Since the first and second semiconductor layers 2a and 2a of the first Bragg reflection structure 2 and the second Bragg reflection structure 2' are reacted by a wet oxygen process to form aluminum oxide (Al _x O _y ) layers 2c and 2c' and After the oxidized high aluminum content compound, the value of the refractive index of the alumina (Al _x O _y ) layer is smaller than that of the first semiconductor layer 2a and the third semiconductor layer 2a'(n>3), and the Bragg reflection structure formed is The reflectance (close to 100%) is higher than the conventional Bragg structure reflectance (80%), and the wavelength coverage is wider than the conventional Bragg reflection structure. Since the aluminum oxide (Al _x O _y ) layers 2c and 2c' are an insulating region, current flows through the regions of the unoxidized high aluminum content compounds 2a and 2a', that is, the current is in the first Bragg reflection structure 2 and the second The Bragg reflection structure 2' is confined to a specific area.
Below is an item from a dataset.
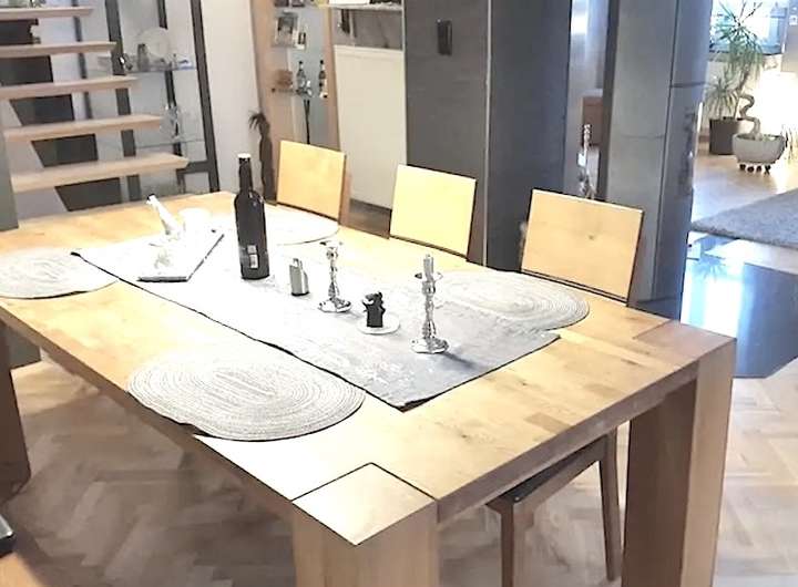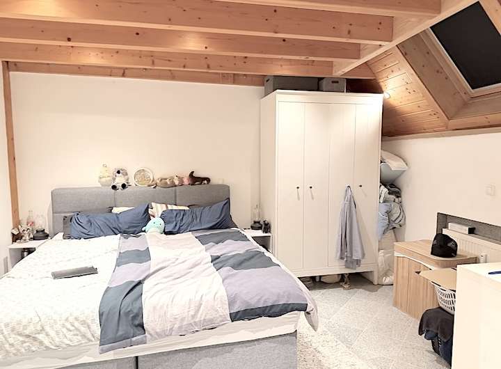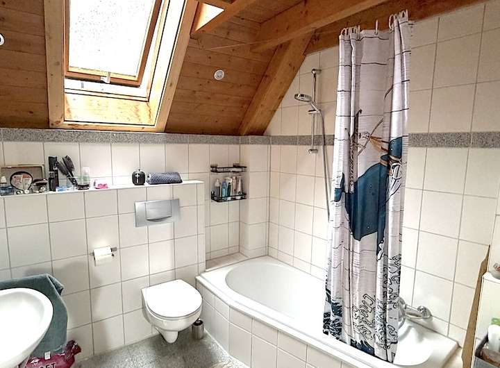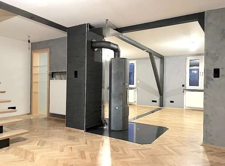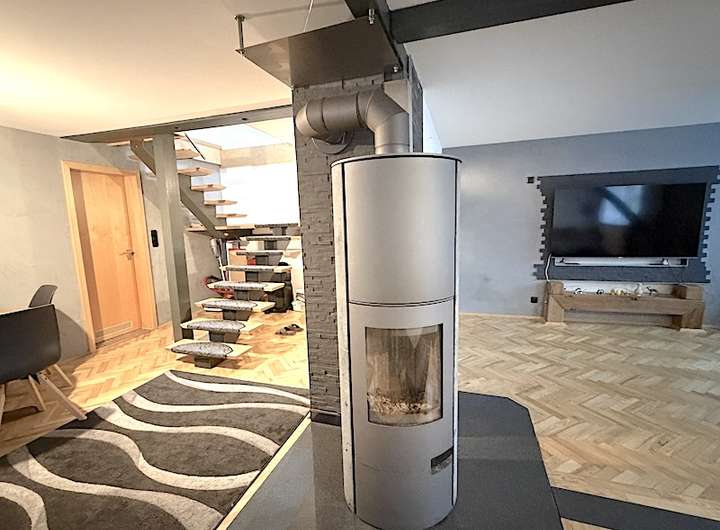 Den Mittelpunkt der Wohnung bildet der großzügig gestaltete Wohn- und Essbereich. Ein Holzofen agiert als stimmungsvolle Alternative zur Zentralheizung und bildet gleichzeitig den perfekten Rahmen für gesellige Mahlzeiten oder beschauliche Stunden mit einem guten Buch bei prasselndem Feuerschein. Die separate Küche vereint ansprechendes Design mit moderner Funktionalität. Ein Schlafzimmer, das Tageslichtbad und die Diele im Eingangsbereich komplettieren den Grundriss des Obergeschosses. Eine innenliegende Treppe verbindet den Essbereich mit der stilvoll als Studio gestalteten Wohnebene im Dachgeschoss. Zusätzlich stehen dort noch etwa 20 m² Ausbaureserve zur Verfügung – ideal für ein weiteres Schlafzimmer, ein Büro oder Atelier.

The examples of the invention are intended to be illustrative only and not to limit the scope of the invention. Any changes or modifications of the present invention to those skilled in the art will be made without departing from the spirit and scope of the invention.

1‧‧‧Substrate

2‧‧‧First Bragg reflection structure

2a‧‧‧First semiconductor layer

2b‧‧‧second semiconductor layer

2c‧‧‧ Alumina layer

2'‧‧‧second Bragg reflection structure

2a’‧‧‧ Third semiconductor layer

2b’‧‧‧ fourth semiconductor layer

2c’‧‧‧ Alumina layer

3‧‧‧First conductive semiconductor layer

4‧‧‧Lighting structure

5‧‧‧Second conductive semiconductor layer

6‧‧‧Window layer

7‧‧‧current distribution layer

8‧‧‧second electrode

9‧‧‧First electrode

10‧‧‧ cutting road

11‧‧‧ Flowmeter

12‧‧‧heater

13, 13a, 13b, 13c‧‧‧ gas pipeline

14‧‧‧Processing furnace tube

15‧‧‧Exhaust system

16‧‧‧Reactor

100‧‧‧Lighting elements

A‧‧‧nitrogen

B‧‧‧Water

C‧‧‧ nitrogen bubbles

D‧‧‧Nitrogen and water vapor

BRIEF DESCRIPTION OF THE DRAWINGS Fig. 1 is a schematic cross-sectional view showing the structure of a light-emitting element before wet oxygen processing according to the present invention.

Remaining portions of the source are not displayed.